Re: Humann2 Pathway Analysis Question

Curtis Huttenhower

unread,

Jun 22, 2015, 1:44:33 PM6/22/15

to Battaglia, Thomas, humann...@googlegroups.com, Blaser, Martin

Hi Thomas - thanks for getting in touch, and I wanted to pass this along to the HUMAnN developers, who should be able to help out in more detail. HUMAnN2 folks, I spoke with Marty about this a bit in NYC and recommended ptools for visualization of the MetaCyc output, but we need to make sure the structured pathway abundances are pinned down first (ASAP!!) and provide some recommendations for filtering and using the output with MaAsLin (given how big the per-bug abundances are, as per Thomas' email).

Many thanks -

Curtis

On Mon, Jun 22, 2015 at 11:56 AM, Battaglia, Thomas <Thomas.B...@nyumc.org> wrote:

Hello Dr. Huttenhower,
I am a researcher at Blaser lab and I am working on meta-transcriptomic data from cecal contents of the hibernating 13-lined ground squirrel. Humann2 has shown to be extremely useful in the microbial functional profiling of this data.
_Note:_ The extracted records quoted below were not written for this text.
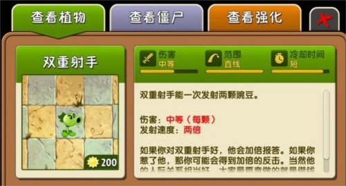 在其他大多数情况下双向射手的作用比较有限,要是没有冰属性武器,用它来对付淘金僵尸(就是那个拿着炸药的)还勉强可以,但在其他关卡使用时需要谨慎一些。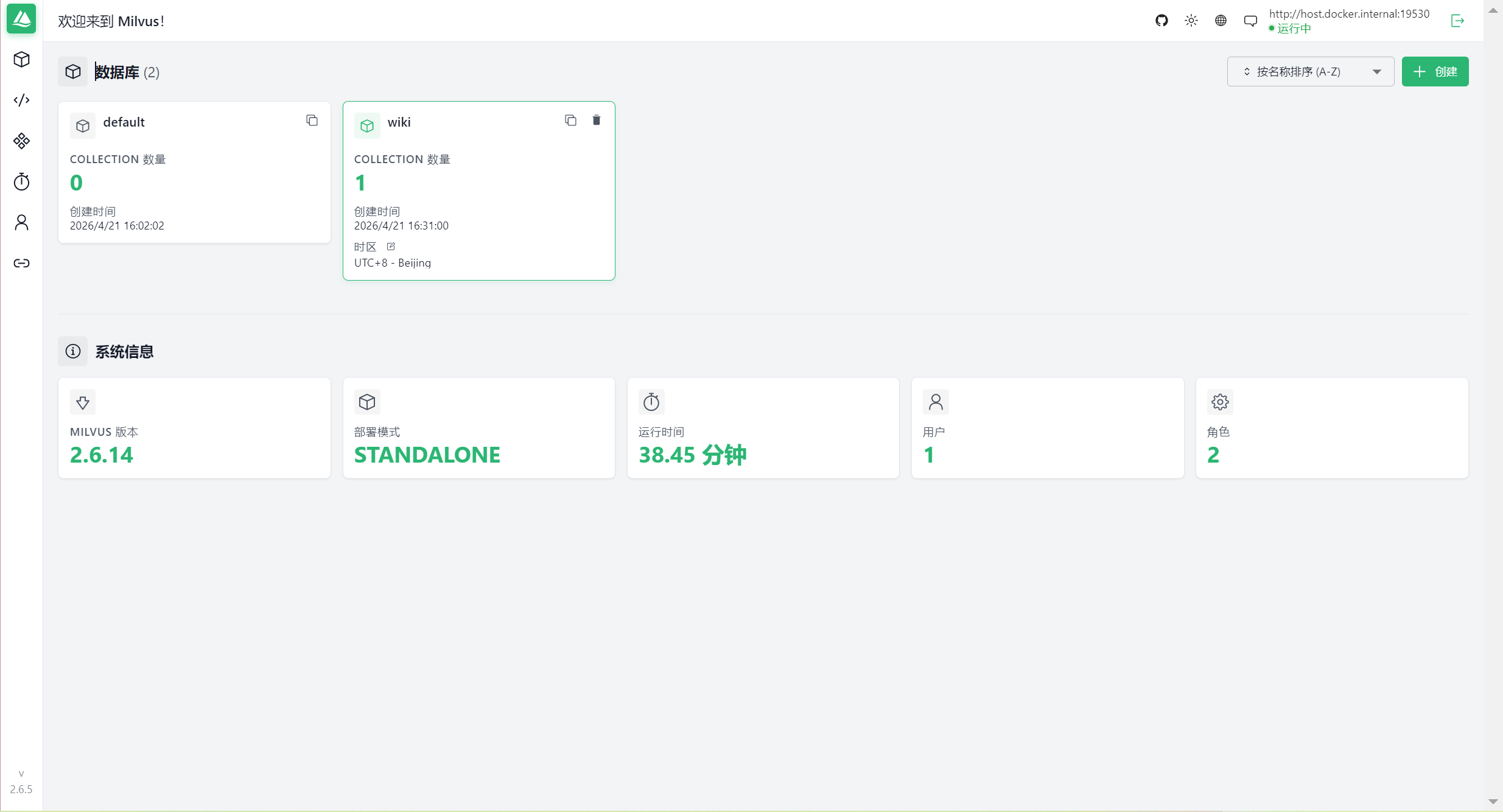 docker run --name milvus-attu -d -p 8100:3000 -e MILVUS_URL=http://host.docker.internal:19530 zilliz/attu:latest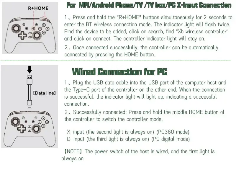 ? 블루투스 인터페이스:이 게임 패드에는 블루투스 인터페이스가있어 Nintendo Switch OLED/Lite 또는 Steam Deck 장치와의 원활한 연결을 보장합니다.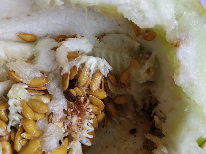 Вот такие инсектиподы завелись в дыне, которую я купил в Мираторге. Это просто ужас. Точнее я ужасно не люблю насекомых, а вот такое, можно проследить ее период созревания. Хотел узнать как такие продукты допускают? Или ничего? Выключатель свет и есть. А ещё арбузы у них зелёные!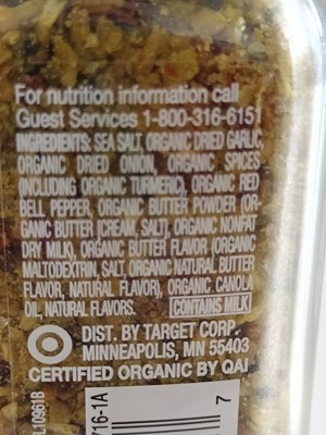 sea salt, organic dried garlic, organic dried onion, organic spices (including organic turmeric), organic red bell pepper, organic butter powder (organic butter (cream, salt], organic nonfat dry milk), organic butter flavor (organic maltodextrin, salt, organic natural butter flavor, natural flavor), organic canola oil, natural flavors.' '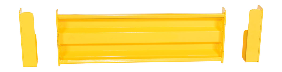 Steel 2 Ribbed Drop In Style Guard Rail 30 In Length YellowProtecting equipment, inventory, and most importantly individuals from damage or injury is always a concern. But, with a structurally strong steel guard rail those worries can be eased. This rail is double ribbed for impact resistance both indoors and out. With the drop-in style rail design, accessibility is simple and rails can be positioned quickly. To put in place simply slide the rail sections into the post saddles. Powder coated finish for built in added toughness. Additional posts are available and sold separately. If adding a rail to an existing rail and post section, only a single post is needed.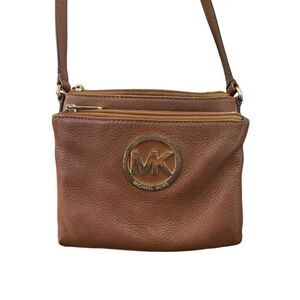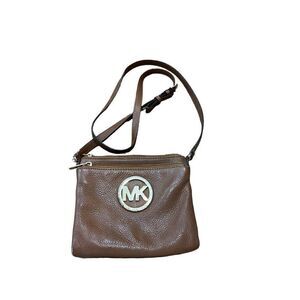 Michael Kors Square Leather Crossbody Purse Brown Extra Zipper Pockets ID Cards

It is a very user-friendly and powerful program, but I have just a few questions about the data.

Firstly, is there any particular way you would recommend performing statical analysis on the data? I see the gene family data is in RPK/CPM normalized values, so I cannot use DESeq2, and the file was much too large for LEfSe. Are the pathway abundance values in more testable format?

Secondly, Dr. Blaser mentioned a program one can use for pathway analysis on the output files. I know the pathway abundance and converage files are calculated using metacyc and the gene families data. I have also regrouped and renamed the data into GO ontology and KEGG orthology terms.
Is there a particular tool or pathway database you recommend to handle the enormous amount of data generated from humann2?
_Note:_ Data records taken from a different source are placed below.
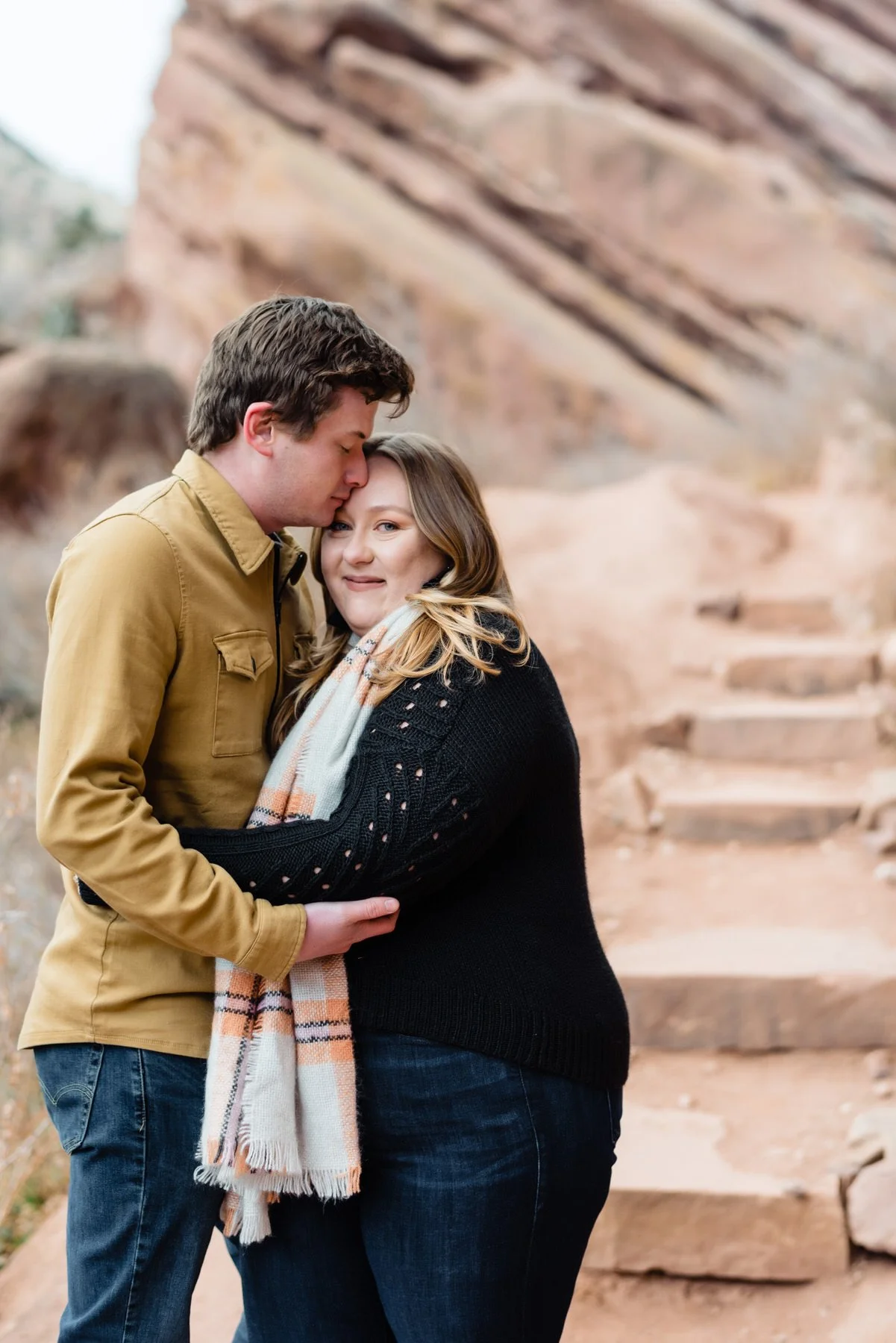 If you’ve never been, Red Rocks Park and Amphitheater is one of Colorado’s most iconic outdoor venues, famous for its towering red sandstone formations, panoramic mountain views, and world-class concerts- I’ve even attended a few there myself! In the winter, the trails and amphitheater steps are quieter, making it the perfect backdrop for a romantic engagement shoot. The contrast of the snow against the deep red rock created a dreamy, intimate setting that felt like it belonged entirely to Sarah and Jake! (Which it totally did!)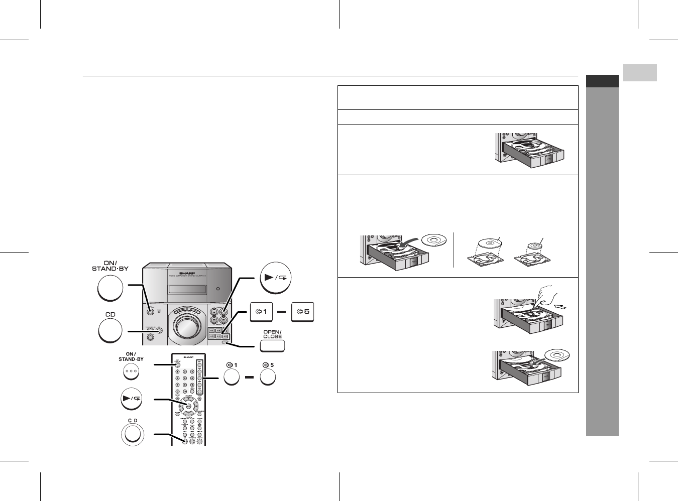 4 Die CD in die Disc-Schublade 1 mit der Etikettenseite nach
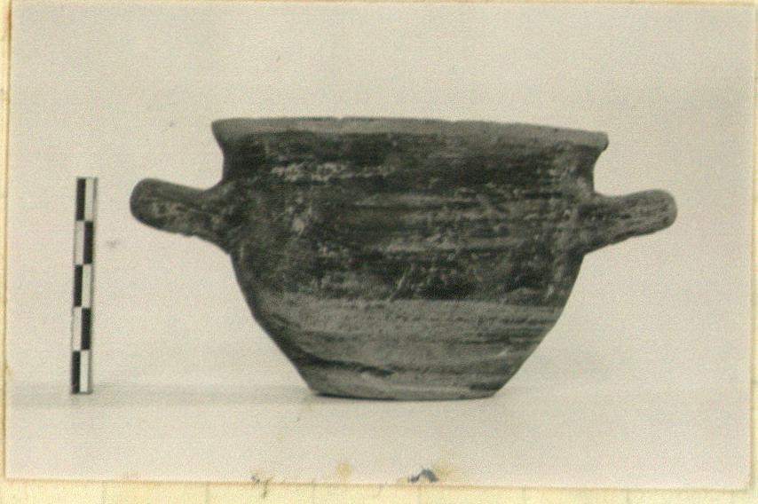 | Description: | Intact. Small deep cup with horizontal handles and flat bottom. Rim reserved; on the inside, two narrow bands, and groups of crosshatching. Reserved band around middle of wall inside. Streaky black to brown glaze. | |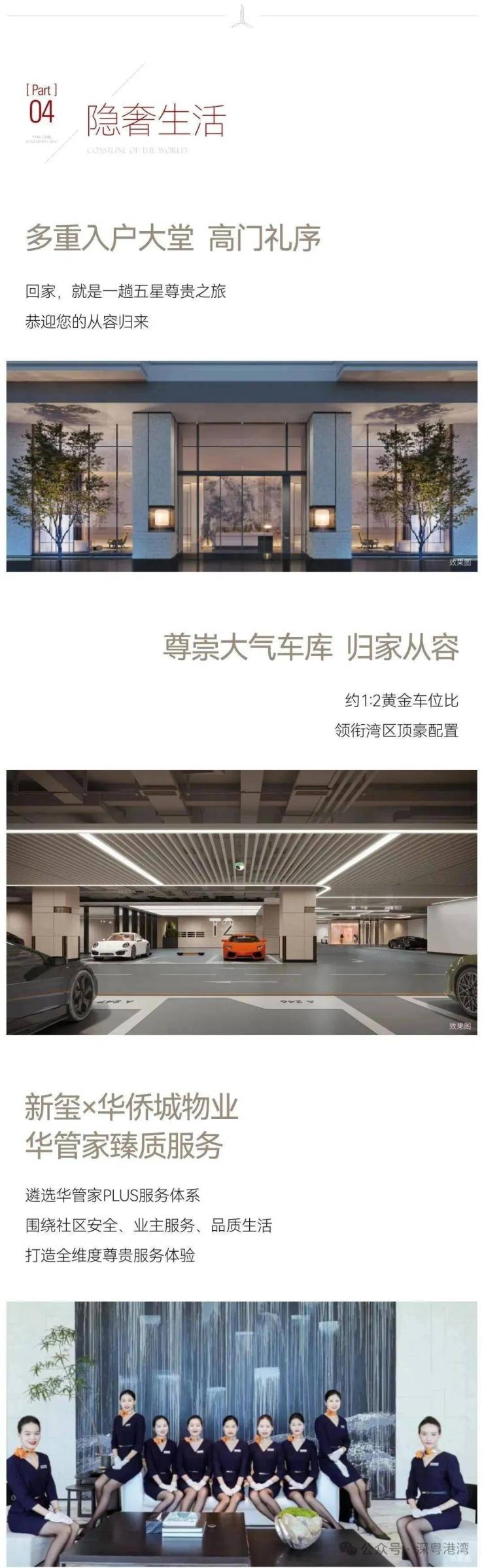 内部配套:配备高端私密会所、约 766 平方米的深圳首个悬空无边际海景泳池、首层城市花园、健身房、儿童游乐区以及 1800 平方米的海洋博物馆等设施。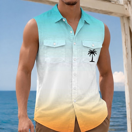 Per uomo Albero di Cocco Colore sfumato Piante Tropicali Camicia Camicia hawaiana estiva Camicia Aloha Senza Maniche Resort Vacanza al Mare Estate Primavera Collo ripiegato Stampa 3D Due tasche

Thank you very much for your time,

Thomas W. Battaglia

Blaser Lab

6026 W VAMC

423 East 23rd Street

New York, NY 10010

Eric Franzosa

unread,

Jun 22, 2015, 4:05:14 PM6/22/15

to humann...@googlegroups.com, Battaglia, Thomas

Hi Thomas,

I've been meaning to write an entry in the HUMAnN2 manual on downstream analysis, so your email gives me a chance to draft out some of those ideas!

* As you found, there are _a lot_ of gene families in the output -- too many to test en masse, probably even with aggressive filtering. The full table is provided for the sake of being comprehensive and to help with grouping genes into different pathway systems (e.g. metacyc or uniprot's own pathway definitions). You can also use the gene table for strain-level analysis (as described in the manual) or to pull out specific genes of interest for testing. Most folks will want to do their testing at the pathway level however.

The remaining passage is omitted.